**RAW DATA**
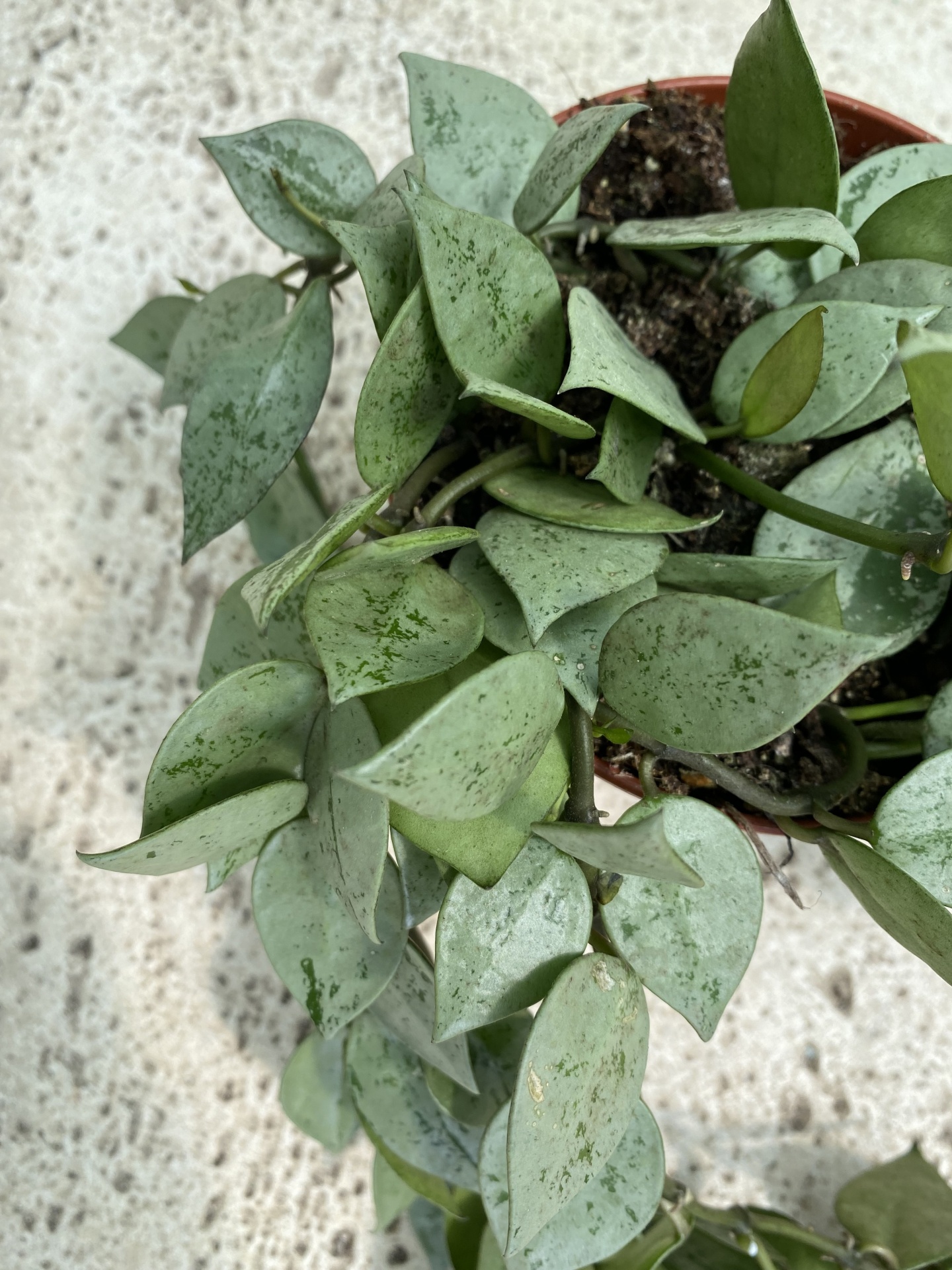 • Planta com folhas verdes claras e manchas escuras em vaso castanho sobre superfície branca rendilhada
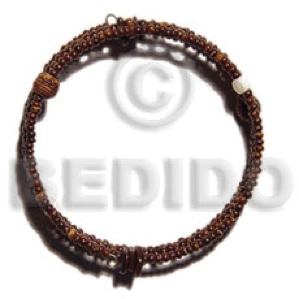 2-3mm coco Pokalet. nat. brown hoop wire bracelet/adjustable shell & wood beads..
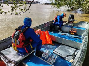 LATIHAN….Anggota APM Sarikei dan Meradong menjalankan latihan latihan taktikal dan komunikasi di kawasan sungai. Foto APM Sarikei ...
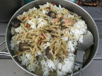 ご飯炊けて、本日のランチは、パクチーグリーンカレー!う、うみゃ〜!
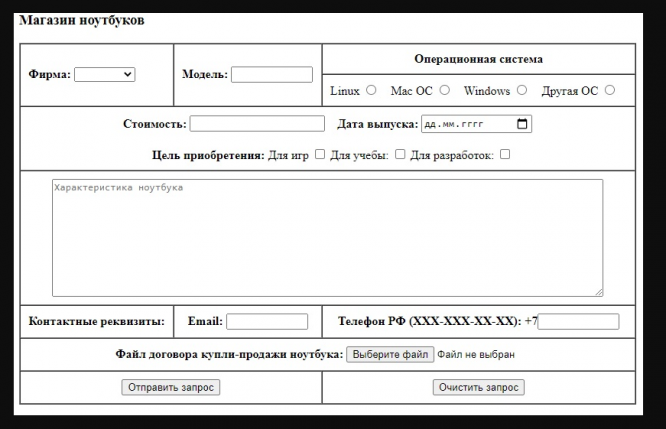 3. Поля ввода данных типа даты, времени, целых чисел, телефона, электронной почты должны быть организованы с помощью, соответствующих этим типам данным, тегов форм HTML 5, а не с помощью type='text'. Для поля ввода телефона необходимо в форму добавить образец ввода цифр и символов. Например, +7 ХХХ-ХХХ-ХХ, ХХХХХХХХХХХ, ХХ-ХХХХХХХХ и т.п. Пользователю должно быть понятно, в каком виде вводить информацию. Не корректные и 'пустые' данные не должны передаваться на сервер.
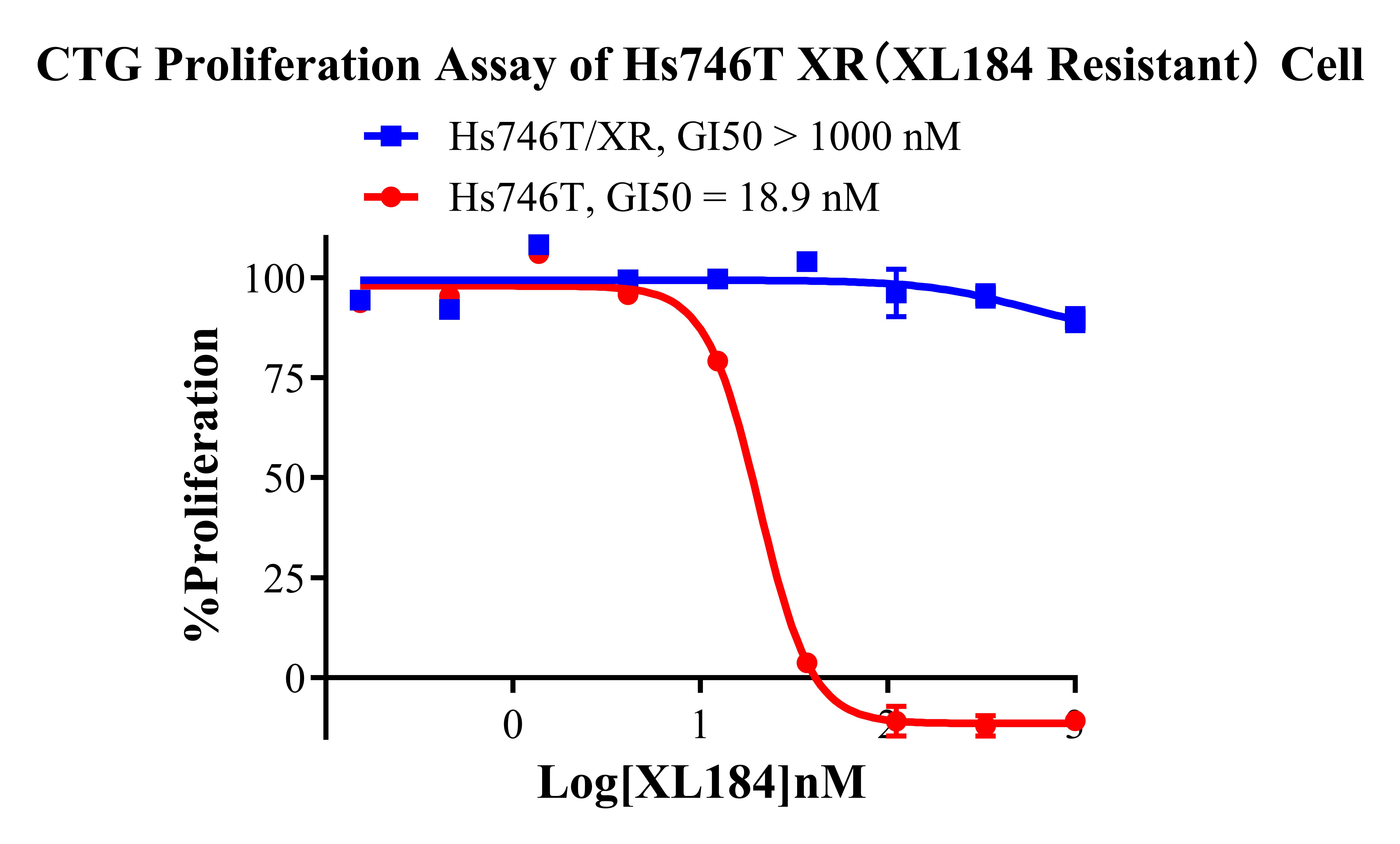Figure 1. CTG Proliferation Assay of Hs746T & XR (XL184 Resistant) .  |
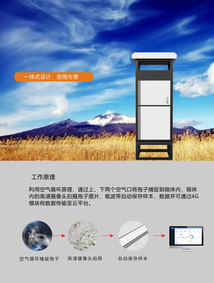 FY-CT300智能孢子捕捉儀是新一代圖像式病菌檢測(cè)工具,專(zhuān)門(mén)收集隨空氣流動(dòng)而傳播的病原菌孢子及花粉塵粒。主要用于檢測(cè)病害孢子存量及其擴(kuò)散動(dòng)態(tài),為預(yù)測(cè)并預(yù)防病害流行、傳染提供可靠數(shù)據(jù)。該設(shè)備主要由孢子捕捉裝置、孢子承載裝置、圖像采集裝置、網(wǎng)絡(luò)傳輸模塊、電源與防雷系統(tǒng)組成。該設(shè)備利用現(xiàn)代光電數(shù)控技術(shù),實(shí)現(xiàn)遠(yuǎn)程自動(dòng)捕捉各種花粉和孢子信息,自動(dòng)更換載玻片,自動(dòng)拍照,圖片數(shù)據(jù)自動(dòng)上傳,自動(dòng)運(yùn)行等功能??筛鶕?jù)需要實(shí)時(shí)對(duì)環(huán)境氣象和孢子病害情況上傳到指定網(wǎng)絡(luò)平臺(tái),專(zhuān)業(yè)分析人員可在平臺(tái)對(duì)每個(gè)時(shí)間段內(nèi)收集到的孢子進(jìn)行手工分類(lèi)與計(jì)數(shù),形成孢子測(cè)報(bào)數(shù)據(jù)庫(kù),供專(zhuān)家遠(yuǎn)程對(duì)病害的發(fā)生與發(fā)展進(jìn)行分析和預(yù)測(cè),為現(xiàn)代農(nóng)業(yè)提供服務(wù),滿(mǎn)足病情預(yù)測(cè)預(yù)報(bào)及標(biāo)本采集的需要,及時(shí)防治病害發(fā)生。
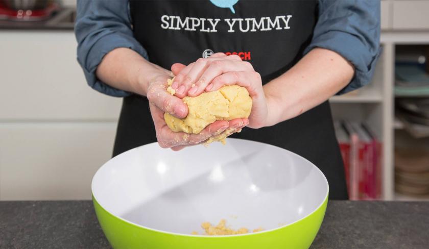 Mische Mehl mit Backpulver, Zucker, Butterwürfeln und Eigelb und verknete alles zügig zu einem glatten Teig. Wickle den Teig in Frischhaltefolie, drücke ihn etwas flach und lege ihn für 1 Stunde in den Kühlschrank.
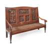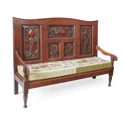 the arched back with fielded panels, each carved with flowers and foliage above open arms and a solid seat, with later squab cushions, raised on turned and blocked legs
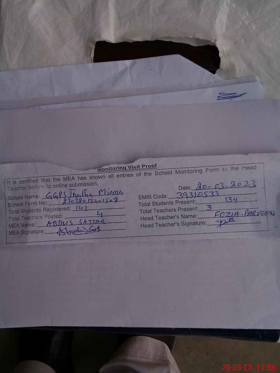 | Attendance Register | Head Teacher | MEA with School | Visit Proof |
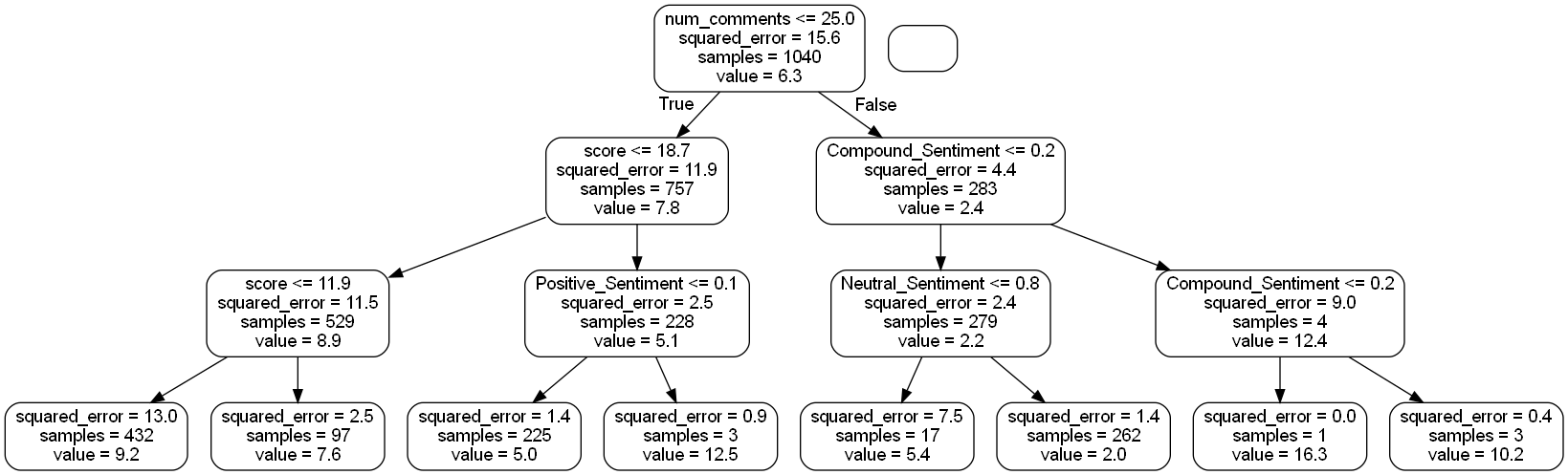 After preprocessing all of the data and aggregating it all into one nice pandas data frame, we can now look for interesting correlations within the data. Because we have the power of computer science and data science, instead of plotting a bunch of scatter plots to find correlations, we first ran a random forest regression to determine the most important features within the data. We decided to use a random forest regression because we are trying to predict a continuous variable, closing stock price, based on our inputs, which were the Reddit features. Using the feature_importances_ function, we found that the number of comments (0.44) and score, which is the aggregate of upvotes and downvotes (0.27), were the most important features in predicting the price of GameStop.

**PROBLEM DESCRIPTION**
Pictures do not belong in the copy. Repeat only the lines from the top of the records through the line containing "Visit Proof |".

**EXERCISE RESULT**
 • Planta com folhas verdes claras e manchas escuras em vaso castanho sobre superfície branca rendilhada
 2-3mm coco Pokalet. nat. brown hoop wire bracelet/adjustable shell & wood beads..
 LATIHAN….Anggota APM Sarikei dan Meradong menjalankan latihan latihan taktikal dan komunikasi di kawasan sungai. Foto APM Sarikei ...
 ご飯炊けて、本日のランチは、パクチーグリーンカレー!う、うみゃ〜!
 3. Поля ввода данных типа даты, времени, целых чисел, телефона, электронной почты должны быть организованы с помощью, соответствующих этим типам данным, тегов форм HTML 5, а не с помощью type='text'. Для поля ввода телефона необходимо в форму добавить образец ввода цифр и символов. Например, +7 ХХХ-ХХХ-ХХ, ХХХХХХХХХХХ, ХХ-ХХХХХХХХ и т.п. Пользователю должно быть понятно, в каком виде вводить информацию. Не корректные и 'пустые' данные не должны передаваться на сервер.
Figure 1. CTG Proliferation Assay of Hs746T & XR (XL184 Resistant) .  |
 FY-CT300智能孢子捕捉儀是新一代圖像式病菌檢測(cè)工具,專(zhuān)門(mén)收集隨空氣流動(dòng)而傳播的病原菌孢子及花粉塵粒。主要用于檢測(cè)病害孢子存量及其擴(kuò)散動(dòng)態(tài),為預(yù)測(cè)并預(yù)防病害流行、傳染提供可靠數(shù)據(jù)。該設(shè)備主要由孢子捕捉裝置、孢子承載裝置、圖像采集裝置、網(wǎng)絡(luò)傳輸模塊、電源與防雷系統(tǒng)組成。該設(shè)備利用現(xiàn)代光電數(shù)控技術(shù),實(shí)現(xiàn)遠(yuǎn)程自動(dòng)捕捉各種花粉和孢子信息,自動(dòng)更換載玻片,自動(dòng)拍照,圖片數(shù)據(jù)自動(dòng)上傳,自動(dòng)運(yùn)行等功能??筛鶕?jù)需要實(shí)時(shí)對(duì)環(huán)境氣象和孢子病害情況上傳到指定網(wǎng)絡(luò)平臺(tái),專(zhuān)業(yè)分析人員可在平臺(tái)對(duì)每個(gè)時(shí)間段內(nèi)收集到的孢子進(jìn)行手工分類(lèi)與計(jì)數(shù),形成孢子測(cè)報(bào)數(shù)據(jù)庫(kù),供專(zhuān)家遠(yuǎn)程對(duì)病害的發(fā)生與發(fā)展進(jìn)行分析和預(yù)測(cè),為現(xiàn)代農(nóng)業(yè)提供服務(wù),滿(mǎn)足病情預(yù)測(cè)預(yù)報(bào)及標(biāo)本采集的需要,及時(shí)防治病害發(fā)生。
 Mische Mehl mit Backpulver, Zucker, Butterwürfeln und Eigelb und verknete alles zügig zu einem glatten Teig. Wickle den Teig in Frischhaltefolie, drücke ihn etwas flach und lege ihn für 1 Stunde in den Kühlschrank.
 the arched back with fielded panels, each carved with flowers and foliage above open arms and a solid seat, with later squab cushions, raised on turned and blocked legs
 | Attendance Register | Head Teacher | MEA with School | Visit Proof |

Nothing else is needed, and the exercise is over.